Only the pictures are to be dropped, and the rest of the data should be copied exactly.

_Data items_.
--*--

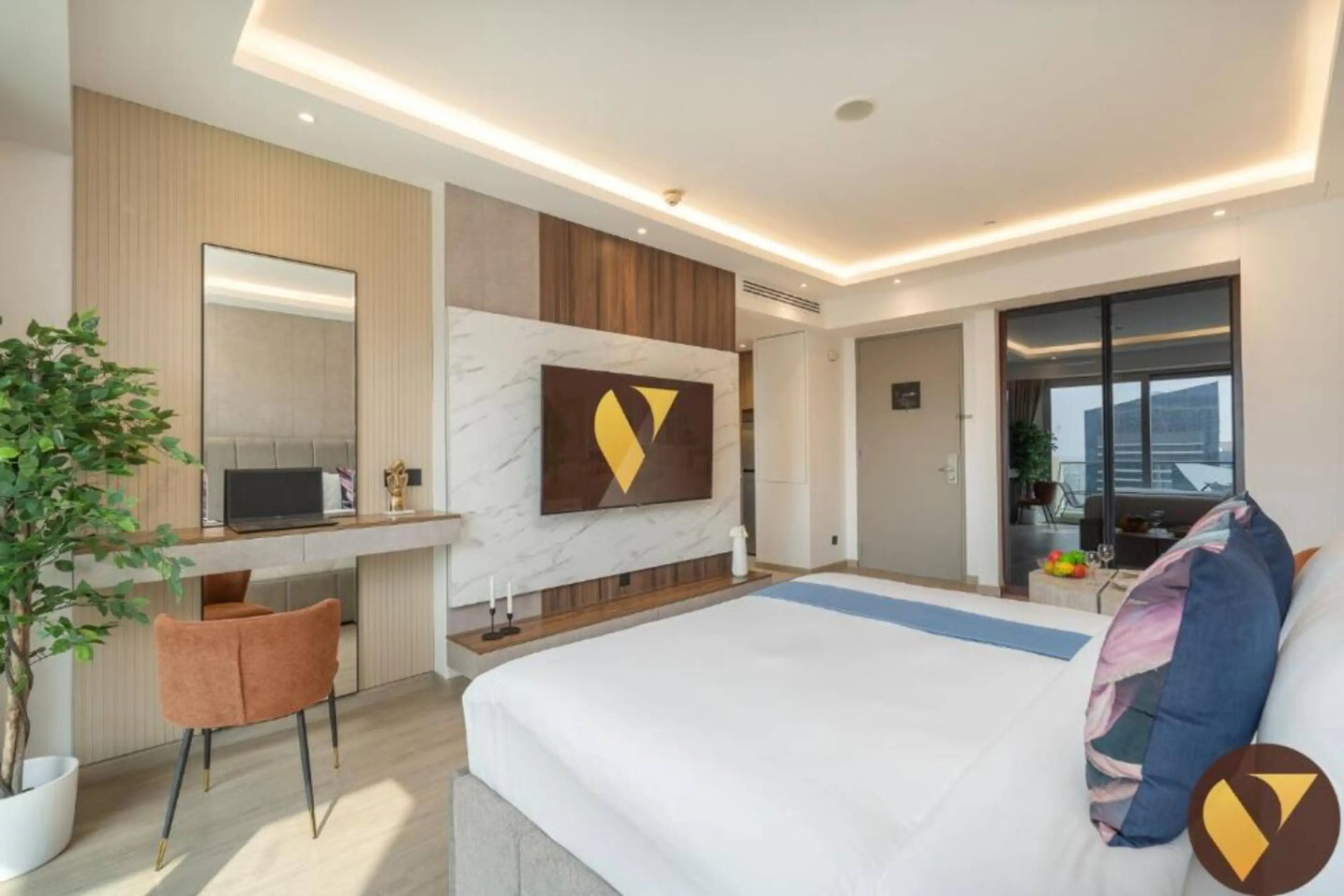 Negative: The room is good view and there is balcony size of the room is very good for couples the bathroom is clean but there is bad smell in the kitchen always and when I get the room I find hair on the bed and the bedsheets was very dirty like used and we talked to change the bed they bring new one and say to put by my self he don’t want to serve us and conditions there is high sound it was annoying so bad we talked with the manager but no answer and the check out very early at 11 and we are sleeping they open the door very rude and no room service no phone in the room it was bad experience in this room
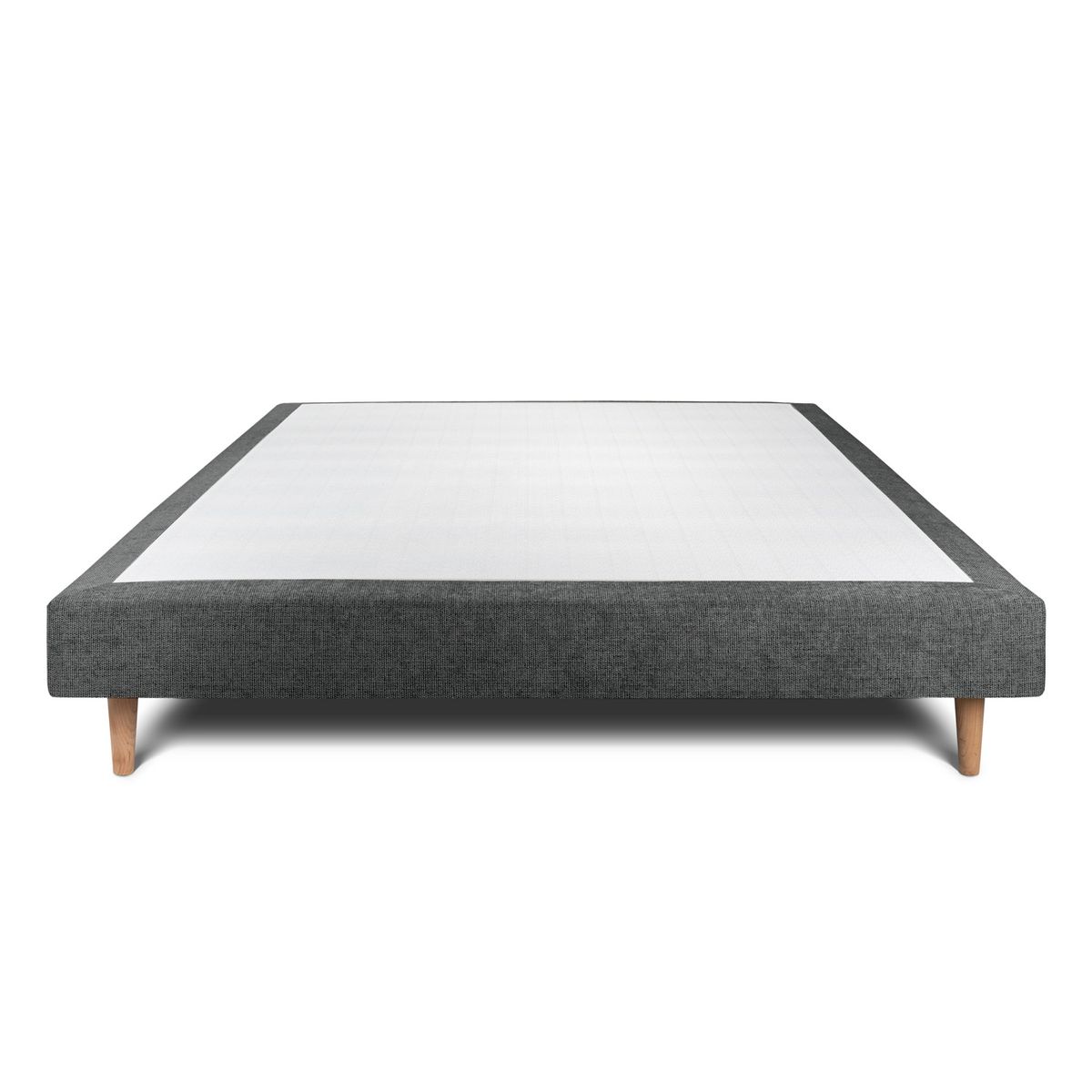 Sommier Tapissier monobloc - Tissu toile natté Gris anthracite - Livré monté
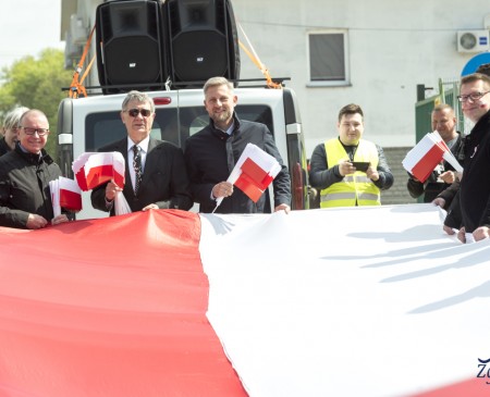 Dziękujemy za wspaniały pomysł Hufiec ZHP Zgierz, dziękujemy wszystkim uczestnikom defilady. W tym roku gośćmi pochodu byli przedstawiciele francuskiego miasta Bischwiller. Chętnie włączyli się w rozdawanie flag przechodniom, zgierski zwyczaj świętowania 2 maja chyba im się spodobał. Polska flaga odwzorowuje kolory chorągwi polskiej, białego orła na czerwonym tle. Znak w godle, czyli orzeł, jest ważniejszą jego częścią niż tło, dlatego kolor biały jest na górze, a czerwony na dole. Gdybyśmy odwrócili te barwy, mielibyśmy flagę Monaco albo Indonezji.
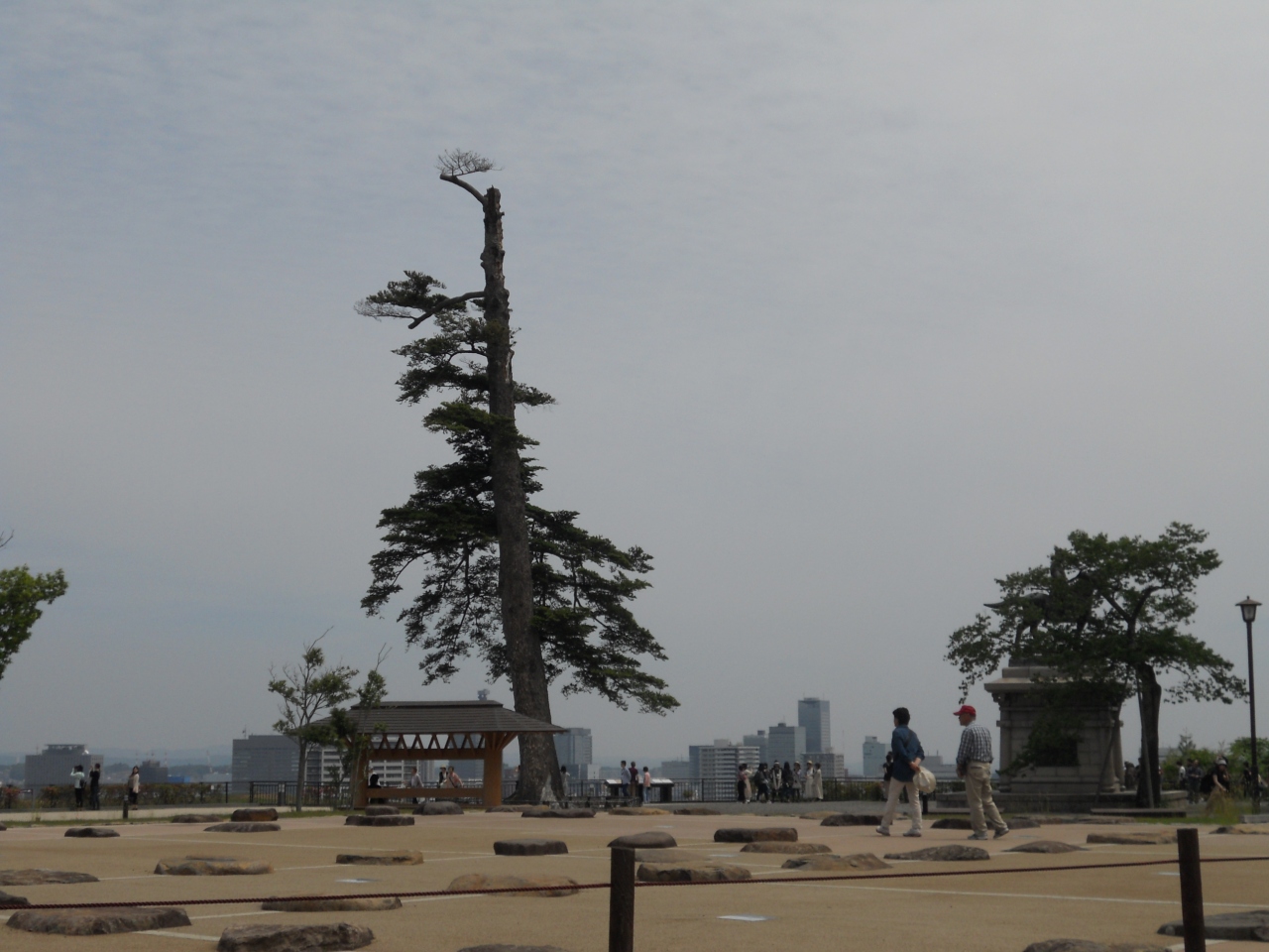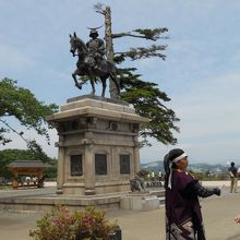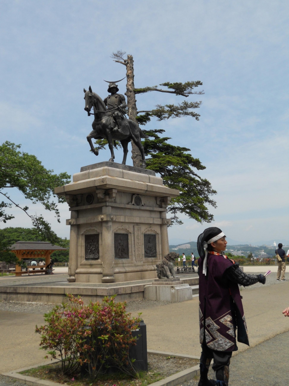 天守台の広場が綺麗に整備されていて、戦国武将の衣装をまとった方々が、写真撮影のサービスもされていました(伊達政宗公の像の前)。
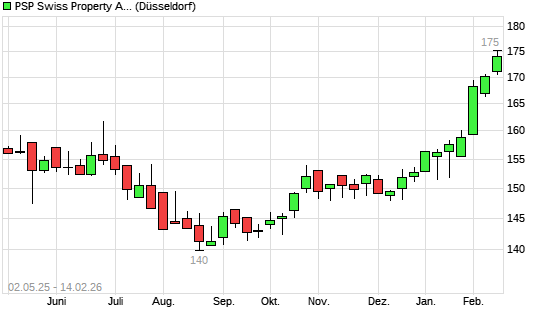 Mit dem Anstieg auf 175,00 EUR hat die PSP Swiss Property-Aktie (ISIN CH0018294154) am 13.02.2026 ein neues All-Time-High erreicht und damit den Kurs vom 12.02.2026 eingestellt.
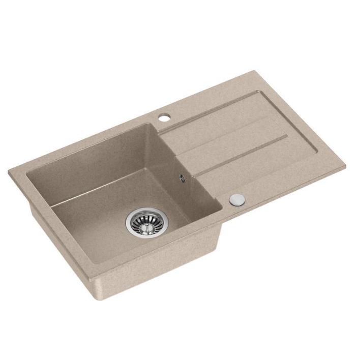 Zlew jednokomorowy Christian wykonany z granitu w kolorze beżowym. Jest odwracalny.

--*--

_RESPONSE TO THE TASK_.
 Negative: The room is good view and there is balcony size of the room is very good for couples the bathroom is clean but there is bad smell in the kitchen always and when I get the room I find hair on the bed and the bedsheets was very dirty like used and we talked to change the bed they bring new one and say to put by my self he don’t want to serve us and conditions there is high sound it was annoying so bad we talked with the manager but no answer and the check out very early at 11 and we are sleeping they open the door very rude and no room service no phone in the room it was bad experience in this room
 Sommier Tapissier monobloc - Tissu toile natté Gris anthracite - Livré monté
 Dziękujemy za wspaniały pomysł Hufiec ZHP Zgierz, dziękujemy wszystkim uczestnikom defilady. W tym roku gośćmi pochodu byli przedstawiciele francuskiego miasta Bischwiller. Chętnie włączyli się w rozdawanie flag przechodniom, zgierski zwyczaj świętowania 2 maja chyba im się spodobał. Polska flaga odwzorowuje kolory chorągwi polskiej, białego orła na czerwonym tle. Znak w godle, czyli orzeł, jest ważniejszą jego częścią niż tło, dlatego kolor biały jest na górze, a czerwony na dole. Gdybyśmy odwrócili te barwy, mielibyśmy flagę Monaco albo Indonezji.
 天守台の広場が綺麗に整備されていて、戦国武将の衣装をまとった方々が、写真撮影のサービスもされていました(伊達政宗公の像の前)。
 Mit dem Anstieg auf 175,00 EUR hat die PSP Swiss Property-Aktie (ISIN CH0018294154) am 13.02.2026 ein neues All-Time-High erreicht und damit den Kurs vom 12.02.2026 eingestellt.
 Zlew jednokomorowy Christian wykonany z granitu w kolorze beżowym. Jest odwracalny.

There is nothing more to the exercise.